The John C. Blanchard House was built as a private house located at 253 East Main Street in Ionia, Michigan. It was listed on the National Register of Historic Places in 1974. As of 2018, it serves as the museum for the Ionia County Historical Society.

==History==
John C. Blanchard was born in New York in 1822. He began working in a mill at age 14, saved enough money to move west, and in 1836 transported himself to Michigan. He worked on farms near Detroit and in Shiawassee County, bought a farm, then moved on to work as a farm laborer and clerk in Lyons, Michigan. In 1840 he began studying law, and in 1842 was admitted to practice. In 1850, he was elected prosecuting attorney, and moved to Ionia. He eventually served in multiple political offices, including Registrar of the Ionia land office and President of Ionia Township.
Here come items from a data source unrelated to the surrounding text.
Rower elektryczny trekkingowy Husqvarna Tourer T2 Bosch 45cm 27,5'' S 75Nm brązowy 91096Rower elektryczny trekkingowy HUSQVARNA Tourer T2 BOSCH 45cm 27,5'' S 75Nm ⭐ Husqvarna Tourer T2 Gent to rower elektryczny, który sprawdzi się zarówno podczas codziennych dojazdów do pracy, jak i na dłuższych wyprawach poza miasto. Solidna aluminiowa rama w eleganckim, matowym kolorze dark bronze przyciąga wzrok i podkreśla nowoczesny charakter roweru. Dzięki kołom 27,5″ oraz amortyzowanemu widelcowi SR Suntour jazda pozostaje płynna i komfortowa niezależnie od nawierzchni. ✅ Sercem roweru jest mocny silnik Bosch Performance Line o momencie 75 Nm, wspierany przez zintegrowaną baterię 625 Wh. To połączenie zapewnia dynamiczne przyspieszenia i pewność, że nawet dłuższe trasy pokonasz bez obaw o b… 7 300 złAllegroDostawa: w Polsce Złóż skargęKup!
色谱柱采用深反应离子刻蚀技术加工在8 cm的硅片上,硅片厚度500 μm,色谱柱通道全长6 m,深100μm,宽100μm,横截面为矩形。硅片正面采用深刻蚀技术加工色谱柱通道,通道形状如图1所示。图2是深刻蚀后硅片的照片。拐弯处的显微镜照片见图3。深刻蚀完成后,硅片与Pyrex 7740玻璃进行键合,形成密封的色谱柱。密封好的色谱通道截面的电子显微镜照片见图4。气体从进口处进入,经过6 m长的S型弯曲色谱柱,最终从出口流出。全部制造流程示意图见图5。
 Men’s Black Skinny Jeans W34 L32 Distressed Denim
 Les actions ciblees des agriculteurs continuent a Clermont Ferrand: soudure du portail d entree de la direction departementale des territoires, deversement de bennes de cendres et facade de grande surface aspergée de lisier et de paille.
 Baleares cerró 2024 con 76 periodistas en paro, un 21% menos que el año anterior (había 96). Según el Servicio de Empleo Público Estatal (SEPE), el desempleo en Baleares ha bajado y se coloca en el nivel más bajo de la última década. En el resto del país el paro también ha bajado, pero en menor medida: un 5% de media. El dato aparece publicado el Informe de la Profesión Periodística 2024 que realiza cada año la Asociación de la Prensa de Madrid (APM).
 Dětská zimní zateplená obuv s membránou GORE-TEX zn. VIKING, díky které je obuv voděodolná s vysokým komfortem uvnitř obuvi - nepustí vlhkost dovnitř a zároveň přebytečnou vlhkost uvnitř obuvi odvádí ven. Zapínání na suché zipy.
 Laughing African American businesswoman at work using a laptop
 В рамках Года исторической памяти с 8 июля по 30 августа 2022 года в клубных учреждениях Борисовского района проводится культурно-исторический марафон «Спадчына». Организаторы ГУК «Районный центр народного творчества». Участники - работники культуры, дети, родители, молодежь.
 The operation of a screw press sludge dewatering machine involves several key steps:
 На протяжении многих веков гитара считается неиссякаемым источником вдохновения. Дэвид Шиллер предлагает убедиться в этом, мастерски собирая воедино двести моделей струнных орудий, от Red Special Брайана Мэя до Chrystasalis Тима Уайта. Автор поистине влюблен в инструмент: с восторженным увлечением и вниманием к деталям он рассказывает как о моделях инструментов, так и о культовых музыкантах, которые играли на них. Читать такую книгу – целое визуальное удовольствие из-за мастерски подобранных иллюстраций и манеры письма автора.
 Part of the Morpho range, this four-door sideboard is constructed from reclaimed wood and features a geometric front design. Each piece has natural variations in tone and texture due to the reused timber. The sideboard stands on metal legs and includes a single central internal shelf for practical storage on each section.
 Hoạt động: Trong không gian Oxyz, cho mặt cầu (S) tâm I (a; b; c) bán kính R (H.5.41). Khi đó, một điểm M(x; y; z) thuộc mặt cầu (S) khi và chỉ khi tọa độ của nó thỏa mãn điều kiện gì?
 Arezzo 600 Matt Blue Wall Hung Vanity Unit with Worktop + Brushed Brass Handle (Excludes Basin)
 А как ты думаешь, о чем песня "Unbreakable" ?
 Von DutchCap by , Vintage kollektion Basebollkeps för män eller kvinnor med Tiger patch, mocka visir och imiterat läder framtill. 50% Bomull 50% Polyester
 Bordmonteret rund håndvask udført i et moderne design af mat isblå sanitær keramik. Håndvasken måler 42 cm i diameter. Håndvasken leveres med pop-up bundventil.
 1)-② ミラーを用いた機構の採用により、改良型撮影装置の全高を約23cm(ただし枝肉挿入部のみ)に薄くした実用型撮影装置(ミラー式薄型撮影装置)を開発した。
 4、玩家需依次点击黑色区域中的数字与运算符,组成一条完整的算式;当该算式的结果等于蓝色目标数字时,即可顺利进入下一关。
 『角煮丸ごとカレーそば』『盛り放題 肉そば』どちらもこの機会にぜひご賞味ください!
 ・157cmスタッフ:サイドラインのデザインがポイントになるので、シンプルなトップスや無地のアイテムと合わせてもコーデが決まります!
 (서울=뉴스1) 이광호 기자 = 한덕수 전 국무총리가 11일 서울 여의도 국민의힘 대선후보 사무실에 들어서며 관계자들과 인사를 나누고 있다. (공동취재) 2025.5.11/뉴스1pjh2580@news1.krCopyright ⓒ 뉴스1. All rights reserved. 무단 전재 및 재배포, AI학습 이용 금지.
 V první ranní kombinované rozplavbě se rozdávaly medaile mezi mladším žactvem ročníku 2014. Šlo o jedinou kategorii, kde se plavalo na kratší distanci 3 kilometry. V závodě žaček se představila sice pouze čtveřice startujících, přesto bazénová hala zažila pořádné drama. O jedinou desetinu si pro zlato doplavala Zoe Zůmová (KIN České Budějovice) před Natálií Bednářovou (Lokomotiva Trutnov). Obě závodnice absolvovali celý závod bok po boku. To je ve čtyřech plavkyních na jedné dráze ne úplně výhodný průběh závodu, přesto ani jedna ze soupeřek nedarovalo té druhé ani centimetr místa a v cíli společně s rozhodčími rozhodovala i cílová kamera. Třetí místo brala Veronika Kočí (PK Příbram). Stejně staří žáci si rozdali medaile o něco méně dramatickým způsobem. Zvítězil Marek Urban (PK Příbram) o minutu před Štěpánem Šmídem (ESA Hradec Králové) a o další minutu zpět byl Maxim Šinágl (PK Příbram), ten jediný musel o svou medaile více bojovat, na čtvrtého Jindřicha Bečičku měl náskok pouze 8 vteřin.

In 1879, Blanchard began construction of this sandstone Italianate residence. The house was finished in 1881, and Blanchard lived there until his death in 1905. The Ionia County Historical Society eventually purchased the house in 1974, and it serves as their museum.

==Description==
The Blanchard House is a massive Italianate mansion faced with pink and brown sandstone and with a slate hipped roof. The house measures 47 feet by 52 feet. It sits on a heavy foundation of smooth, squared sandstone about four feet high, topped with a protruding water table. Above this, quoins outline the corners of the house. The windows are tall, set on sandstone sills and topped with elaborate, semicircular sandstone window hoods. The entry is through a pair of heavy front doors on the porch, surrounded by baroque twisting wooden trim.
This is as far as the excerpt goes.